## AIM OF THE TASK
The response should repeat word for word every line below from the one with "2018年もタイヤ館竹尾をご愛顧いただきありがとうございました。" to the one with "Tranh câu đối cha mẹ được làm", inclusive, and nothing else; leave pictures out.
[[ GIVEN RECORDS open ]]
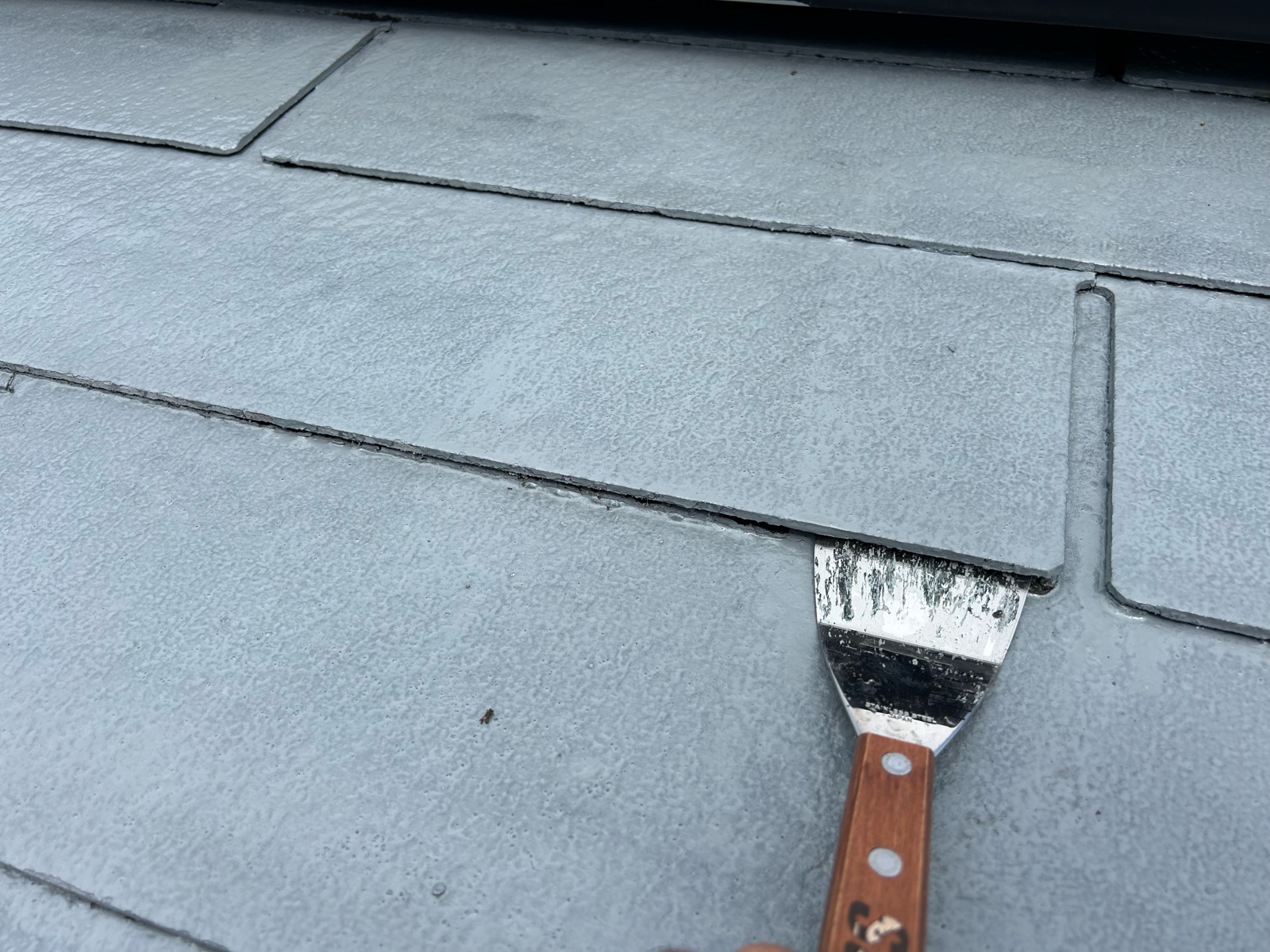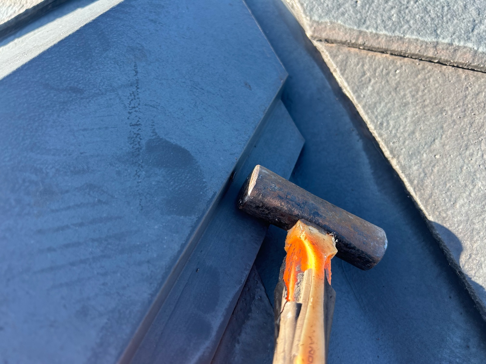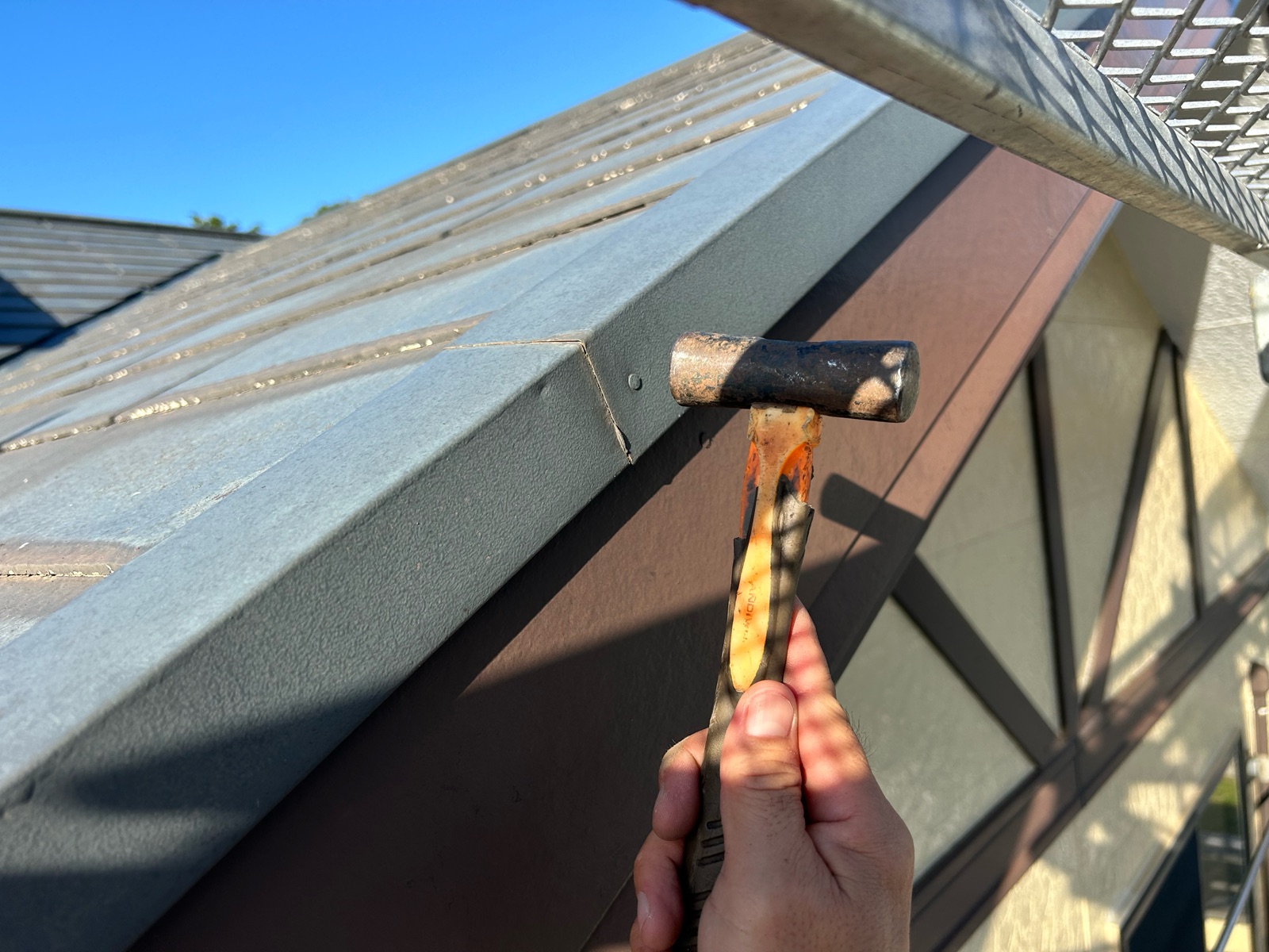 有限会社石毛塗装では屋根塗装前にすべての棟板金の点検します。浮いている個所は増し打ち、効いていない箇所は新たに増やして打ち込みます。
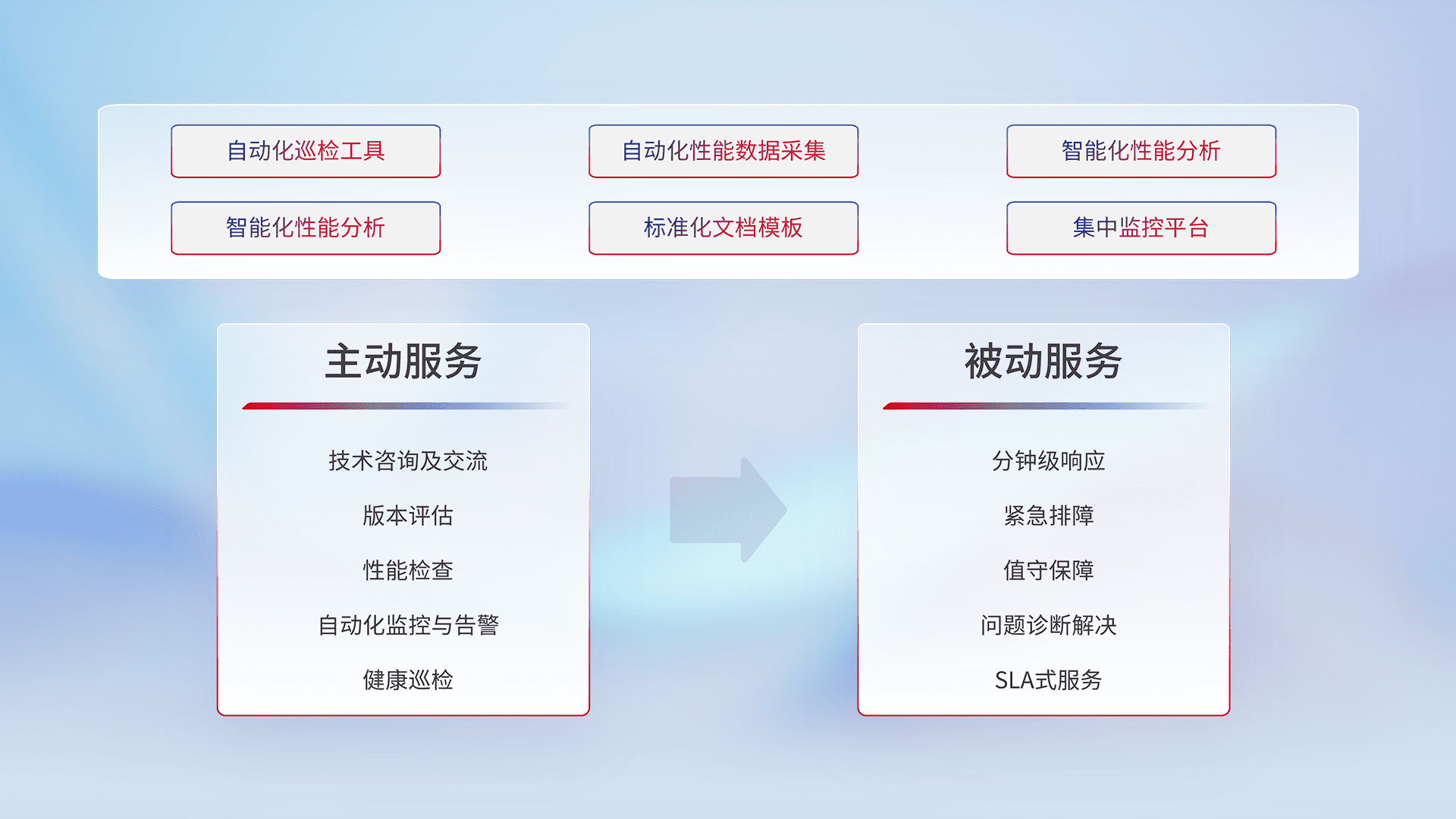 智能化工具和标准化文档,,,,保障服务质量,,,,提供主动服务(包含技术咨询、、版本评估、、、性能检查、、、、自动化监控与告警、、、、健康巡检)和被动服务包含(分钟级响应、、、、紧急排障、、、、值守保障、、、、问题诊断解决、、SLA服务)。。。
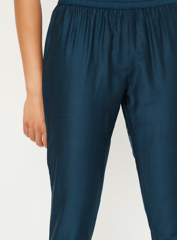 This foil print A-line kurta set blends festive shimmer with everyday elegance. The kurta features a round neck, 3/4th sleeves, and a handy side pocket, while the straight pants come with an elasticated waist for all-day comfort and ease.
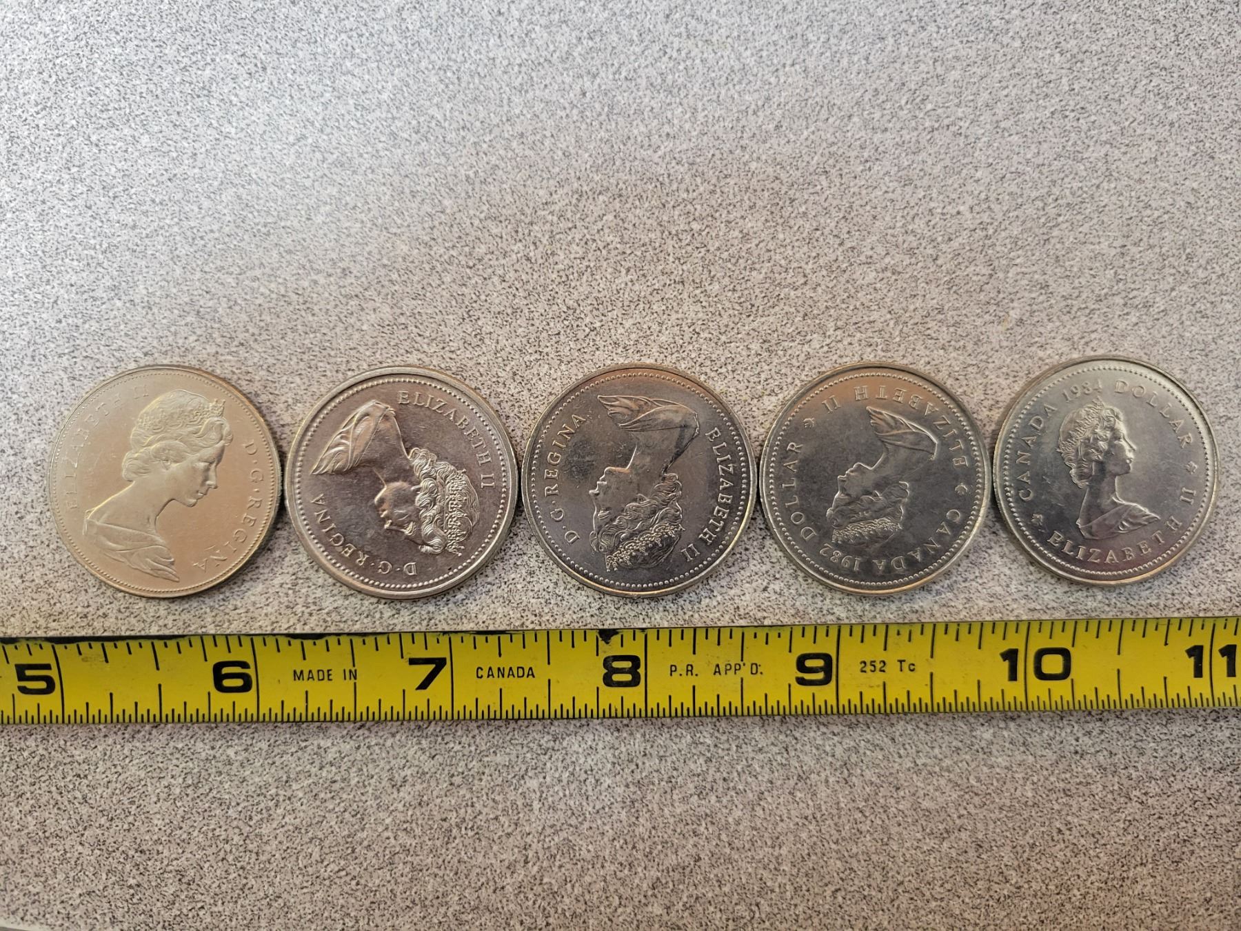 Lot of five Canadian $1.00 nickel dollars - 1970 Manitoba, 1976, 1981, 1982 Confederation, 1984 Jaques Cartier
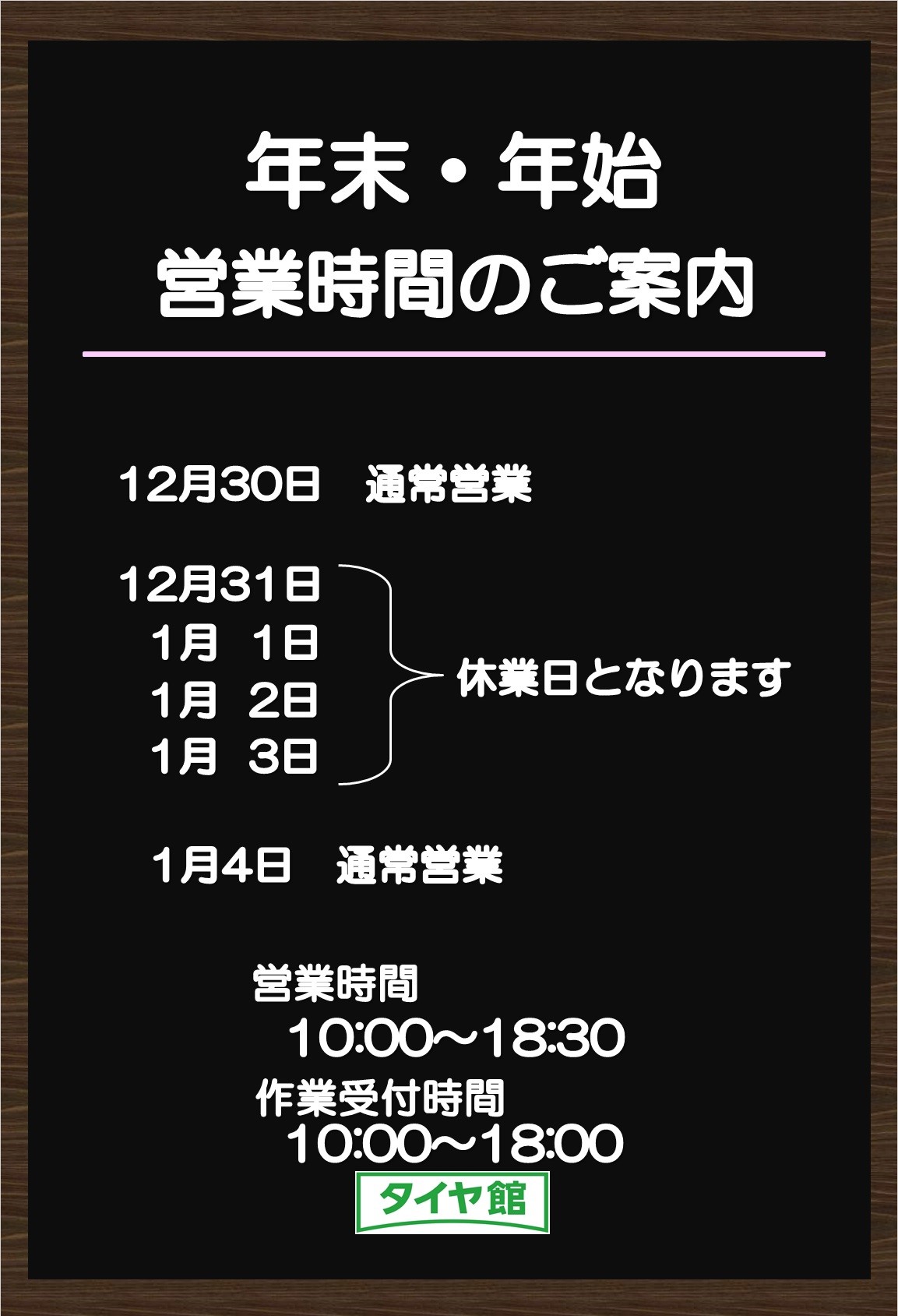 2018年もタイヤ館竹尾をご愛顧いただきありがとうございました。
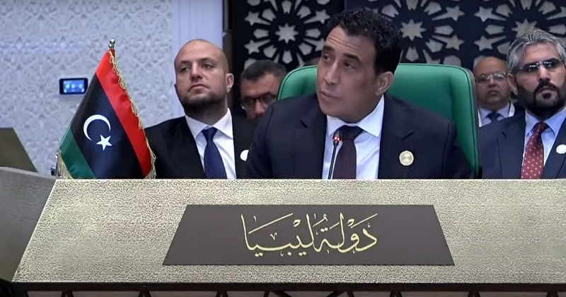 ألقى رئيس المجلس الرئاسي الليبي، محمد المنفي، اليوم، بقصر المؤتمرات الجزائر العاصمة، كلمة، خلال أشغال اليوم الثاني من القمة العربية، أكد فيها على ضرورة انسحاب جميع القوات الأجنبية من الأراضي الليبية.
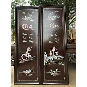 Tranh câu đối cha mẹ được làm bằng chất liệu gỗ gụ ,Kết hợp với khảm ốc đỏ tự nhiên 100% Kích thước ngang 40cm dài 120cm dầy 4cm  _ Tranh câu đối cha mẹ được khảm ốc đỏ rất tỉ mỉ tinh sảo kỳ công ,Đi hầu hết tất cả các chi tiết nội dung hoa văn ,Của đôi câu đối đều được chỉnh sửa ngọt tỉa ,hoàn bằng tay thủ công .Kết hợp với khảm ốc đỏ .Đôi câu đối được kiểm định rất kỹ lưỡng như chất lượng ốc khảm và chất lượng gỗ ,luôn luôn được sấy khô .Mục đích trống dập nứt vênh mo mối mọt .Đồng thời trà nhám đánh giấy giáp nhiều lần cho sạch sẽ ,Sờ mát lạnh ,Song cho vào nhuộm mầu gụ ,đánh bét ly làm mầu mận chin giả cổ ,Như ảnh trên ,Đôi câu đối được làm và hoàn thiện do bàn tay khối óc tài hoa ,Từ những nghệ nhân giàu kinh nghiệm cũng như tay nghề cao trong làng nghề truyền thống .Chính vì thế đôi câu đối đã đáp ứng đầy đủ những tiêu trí ( Đẹp bền rẻ ) Thẩm mỹ nghệ thuật với chất lượng tuyệt vời
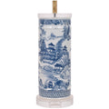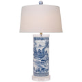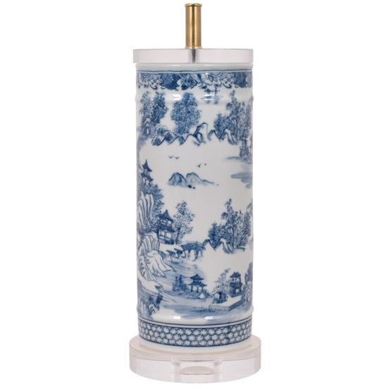 Cylindrical lamp with a blue and white canton pattern. The round shade and crystal base and cap give the classic blue and white an update.
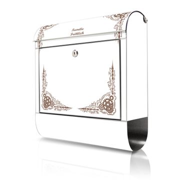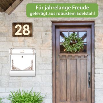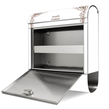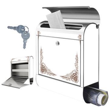 FUNKTION: Der banjado Edelstahl Briefkasten mit Motiv Motiv Ornamentaler Zahnräderrahmen bietet Ihnen mit seinem Fassungsvermögen genügend Platz auch für große A4 Sendungen. Das integrierte Zeitungsfach eignet sich hervorragend um unkompliziert die Tageszeitung zu fassen. Auf Wunsch können Sie bei uns den passenden Ständer kaufen und so aus dem Wandbriefkasten einen Standbriefkasten machen. DESIGN: Der Motivbriefkasten hat ein sehr ansprechendes und ausgefallenes Design, damit entlocken Sie Ihren Nachbarn und dem Postboten ein Lächeln. Heben Sie Sich ab von der tristen grauen Masse ohne auf Funktionalität zu verzichten. DETAILS: Der Design Briefkasten mit Motiv Motiv Ornamentaler Zahnräderrahmen besteht aus hochwertigem 18/0 Edelstahl. Das Motiv besteht aus einer wetter- und UV-resistenten Folie, die mit einem Schutzlaminat überzogen ist. Der Briefkasten wird mit Montagematerial und zwei Schlüsseln geliefert. NUTZEN: Sie können diesen Briefkasten sowohl als Wandbriefkasten montieren oder einen passenden Ständer auswählen und als Standbriefkasten einbetonieren. Die Größe bietet genügend Platz für Sendungen aller Art, das hochwertige Edelstahl ist rostfrei und die Motivfolie absolut wetterfest. SCHUTZ: Um Ihre Post optimal vor Witterungseinflüssen wie Starkregen zu schützen, empfehlen wir, den Briefkasten geschützt anzubringen. BANJADO: Ihr Briefkasten wird in Sachsen in einer kleinen Manufaktur von Hand veredelt. Die Motivfolie ist lösungsmittelfrei und schutzlaminiert, dies sorgt für einen langen Halt. Wir legen großen Wert auf die Verbindung von Funktionalität und Design. Sie erhalten Handarbeit aus Sachsen.
[[ GIVEN RECORDS closed ]]
## WRITTEN SOLUTION
 2018年もタイヤ館竹尾をご愛顧いただきありがとうございました。
 ألقى رئيس المجلس الرئاسي الليبي، محمد المنفي، اليوم، بقصر المؤتمرات الجزائر العاصمة، كلمة، خلال أشغال اليوم الثاني من القمة العربية، أكد فيها على ضرورة انسحاب جميع القوات الأجنبية من الأراضي الليبية.
 Tranh câu đối cha mẹ được làm bằng chất liệu gỗ gụ ,Kết hợp với khảm ốc đỏ tự nhiên 100% Kích thước ngang 40cm dài 120cm dầy 4cm  _ Tranh câu đối cha mẹ được khảm ốc đỏ rất tỉ mỉ tinh sảo kỳ công ,Đi hầu hết tất cả các chi tiết nội dung hoa văn ,Của đôi câu đối đều được chỉnh sửa ngọt tỉa ,hoàn bằng tay thủ công .Kết hợp với khảm ốc đỏ .Đôi câu đối được kiểm định rất kỹ lưỡng như chất lượng ốc khảm và chất lượng gỗ ,luôn luôn được sấy khô .Mục đích trống dập nứt vênh mo mối mọt .Đồng thời trà nhám đánh giấy giáp nhiều lần cho sạch sẽ ,Sờ mát lạnh ,Song cho vào nhuộm mầu gụ ,đánh bét ly làm mầu mận chin giả cổ ,Như ảnh trên ,Đôi câu đối được làm và hoàn thiện do bàn tay khối óc tài hoa ,Từ những nghệ nhân giàu kinh nghiệm cũng như tay nghề cao trong làng nghề truyền thống .Chính vì thế đôi câu đối đã đáp ứng đầy đủ những tiêu trí ( Đẹp bền rẻ ) Thẩm mỹ nghệ thuật với chất lượng tuyệt vời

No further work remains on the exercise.